The reported bootstrap (robustified) coverage went from 0.87 (0.89) to 0.94 (0.95), pretty close to the nominal level.
I see. So less than 100 significant values.
Fits my results that 50 sig gets you close to 95% coverage.
Thanks again for flagging tge small k issue.
I see some similarity between these posts about z-curve and Andrew’s concerns about selection for statistical significance.
Andrew has repeatedly criticized selection for statistical significance because it leads to exaggerated conclusions: conditioning on “interesting” results without reporting the full set of attempts makes effects look larger or more problematic than they really are. I agree with that critique.

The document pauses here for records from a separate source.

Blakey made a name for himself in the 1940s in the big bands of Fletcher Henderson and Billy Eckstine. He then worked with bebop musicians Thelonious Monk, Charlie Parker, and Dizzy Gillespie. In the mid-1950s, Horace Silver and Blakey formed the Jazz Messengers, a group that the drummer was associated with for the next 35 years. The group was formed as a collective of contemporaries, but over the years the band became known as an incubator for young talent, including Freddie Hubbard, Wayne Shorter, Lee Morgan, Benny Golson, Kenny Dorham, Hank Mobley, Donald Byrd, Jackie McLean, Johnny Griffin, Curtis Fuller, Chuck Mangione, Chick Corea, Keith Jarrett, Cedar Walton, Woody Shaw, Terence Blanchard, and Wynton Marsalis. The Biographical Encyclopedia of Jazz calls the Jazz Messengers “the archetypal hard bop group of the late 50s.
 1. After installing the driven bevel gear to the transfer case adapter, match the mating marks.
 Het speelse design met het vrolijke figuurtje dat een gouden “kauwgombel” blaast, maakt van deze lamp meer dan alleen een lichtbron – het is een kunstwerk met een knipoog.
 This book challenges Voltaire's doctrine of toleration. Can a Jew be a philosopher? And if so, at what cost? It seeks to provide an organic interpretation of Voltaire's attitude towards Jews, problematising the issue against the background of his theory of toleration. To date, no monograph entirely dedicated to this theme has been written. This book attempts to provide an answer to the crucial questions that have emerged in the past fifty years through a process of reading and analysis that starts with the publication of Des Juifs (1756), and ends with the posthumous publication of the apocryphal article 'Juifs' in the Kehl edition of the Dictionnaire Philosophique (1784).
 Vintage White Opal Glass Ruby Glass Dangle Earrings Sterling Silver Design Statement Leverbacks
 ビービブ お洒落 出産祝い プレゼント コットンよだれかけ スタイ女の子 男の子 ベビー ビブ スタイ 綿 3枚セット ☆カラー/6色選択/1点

What strikes me is that a similar issue can arise in methodological criticism if we selectively present stress scenarios in which a method performs poorly, without embedding them in a pre-specified simulation design or reporting how often those failures occur relative to benign cases. Showing that a method can fail is almost never informative by itself—nearly all methods can be made to fail under low information or adversarial conditions. What matters is when, how often, how badly, and whether users can detect the risk.
In that sense, presenting several scenarios that all reject good performance of z-curve, without equal visibility of scenarios where it performs adequately (including ones already published), risks creating the same kind of inferential distortion that selection for significance creates in applied research. This is not about intentions or correctness of individual examples; it is about how evidence is aggregated and communicated.
A proper stress test—whether of banks or statistical methods—requires a planned design and reporting all results across the design space. Otherwise, “it can fail” becomes the conclusion, which is true but not actionable.
I think this is a deeper issue of consistency in standards. If we object to selective reporting in empirical science, we should be cautious about endorsing selective stress demonstrations in methodological debates as well.
Hi Erik,
Here is the requested disclaimer:
Disclaimer: z-curve EDR estimates should not be interpreted when (a) the average true power of significant studies is over 90% (Erik sim 1), weights show no evidence of heterogeneity (EDR = ERR, just use ERR)) (Erik sim 2), or if the set of significant results to be fitted is small (k.sig < 50).
František Bartoš just uploaded zcurve version 2.4.6 to CRAN. If there are fewer than 300 z-values exceeding 1.96, the function zcurve() issues a warning: “Warning: The z-curve method is meant for large samples of test statistics. It might produce undercoverage and biased estimates of EDR in small sample sizes.”
As a sideline observer of this, this practical result is pretty cool (in both the sense of being nice, and in the sense of being a cooled-down and reasonable outcome of the exchange!).
One argument implied by the z-curve authors’ replies seems to be that certain distributions of z values are more common than others and the method works well for these common distributions. Do we know what the distributions look like in practice, both with publication bias (easy, just grab published replication studies of famous effects) and without (harder, but weren’t there big open replication efforts in psychology a few years back)? One could observe these, simulate something like them and test the method under these conditions. Maybe this was the starting point of this series of posts and I’ve forgotten due to the distracting nature of some of the comments.